In the first table we only take into consideration sizes of nudb.dat files.
|Index|32k-ledgers|16k-ledgers sum|Ratio|
|---|---|---|---|
|1300|4.00|2.39 + 2.32 = 4.71|1.18|
|1350|5.23|2.95 + 3.02 = 5.97|1.14|
|1400|4.37|2.53 + 2.59 = 5.12|1.17|
|1450|7.02|3.83 + 3.98 = 7.81|1.11|
|1500|7.53|4.49 + 3.86 = 8.35|1.11|
|1550|6.85|3.79 + 3.89 = 7.68|1.12|
|1600|7.28|4.15 + 3.99 = 8.14|1.12|
|1650|8.10|5.19 + 3.76 = 8.95|1.10|
|1700|7.58|4.18 + 4.27 = 8.45|1.11|
|1750|8.95|5.06 + 4.77 = 9.83|1.10|
|1800|7.29|4.18 + 4.02 = 8.20|1.12|
|Average|6.75|3.88 + 3.68 = 7.56|1.12|
In the second table we take into consideration total sizes of files nudb.dat
and nudb.key.
|Index|32k-ledgers|16k-ledgers sum|Ratio|
|---|---|---|---|
|1300|4.59|2.76 + 2.68 = 5.44|1.19|
|1350|5.98|3.40 + 3.47 = 6.87|1.15|
|1400|4.99|2.91 + 2.98 = 5.89|1.18|
|1450|8.02|4.40 + 4.56 = 8.96|1.12|
|1500|8.51|5.09 + 4.39 = 9.48|1.11|
|1550|7.73|4.29 + 4.42 = 8.71|1.13|
|1600|8.20|4.69 + 4.52 = 9.21|1.12|
|1650|9.20|5.92 + 4.29 = 10.21|1.11|
|1700|8.61|4.77 + 4.87 = 9.64|1.12|
|1750|10.09|5.73 + 5.41 = 11.14|1.10|
|1800|8.27|4.77 + 4.59 = 9.36|1.13|
|Average|7.69|4.43 + 4.20 = 8.63|1.12|
## Conclusion
We showed that using shards with 8k ledgers leads to raising required disk size
by 22% in comparison with using shards with 16k ledgers. In the same way,
using shards with 16k ledgers leads to raising required disk space by 12%
in comparison with using shards with 32k ledgers. Note that increase ratio 12%
is much less than 22% so using 32k-ledgers shards will bring us not so much
economy in disk space.
At the same time, size is one thing to compare but there are other aspects.

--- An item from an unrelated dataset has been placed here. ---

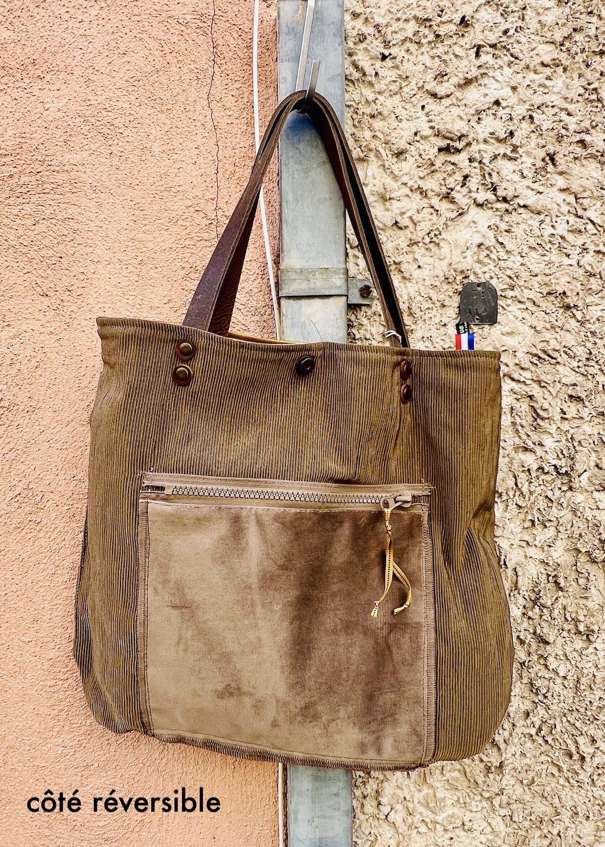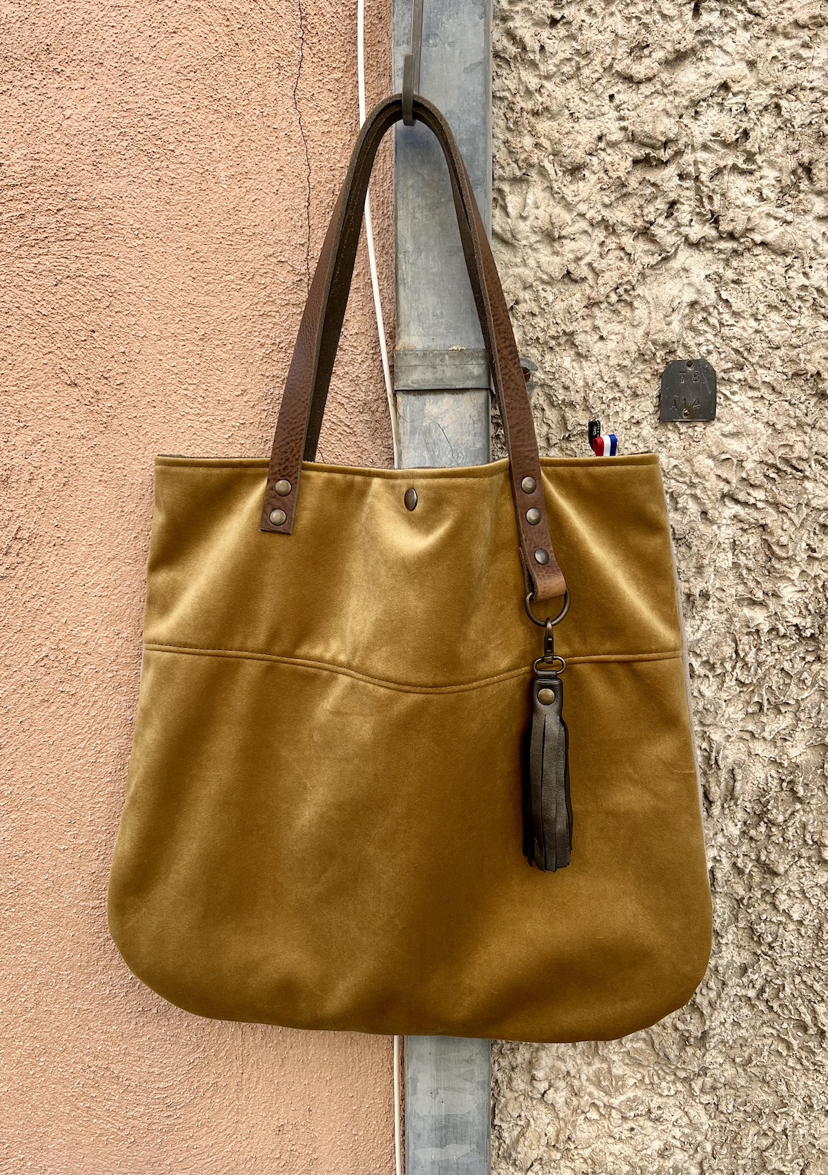 Élégant et léger, ce cabas en velours lisse de tissu d’ameublement marie beige et doré avec raffinement. Anses en cuir au tannage végétal, poche zippée intérieure. Fabriqué artisanalement avec un savoir-faire de grande qualité dans mon atelier du Luberon, spécialisé dans les sacs sur mesure. Style bohème chic, unique et durable.

Smaller shards have an advantage that they take less time to acquire and
finalize. They also make for smaller archived shards which take less time to
download and import. Having more/smaller shards might also lead to better
database concurrency/performance.
It is hard to maintain both size and time parameters by a single optimization
formulae because different choices for weights of size and time may lead to
different results. But using "common sense" arguments we can compare
16k-ledgers shards and 32k-ledgers as follows: using 32k-ledgers shards give us
12% advantage in size, and about 44% disadvantage in time, because average size
of 16k-ledgers shard is about 56% of average 32k-ledgers shard. At the same,
if we compare 16k-ledgers shards with 8k-ledgers, then the first has 22%
advantage in size and 39% disadvantage in time. So the balance of
advantages/disadvantages is better when we use 16k-ledgers shards.
Thus we recommend use shards with 16K ledgers.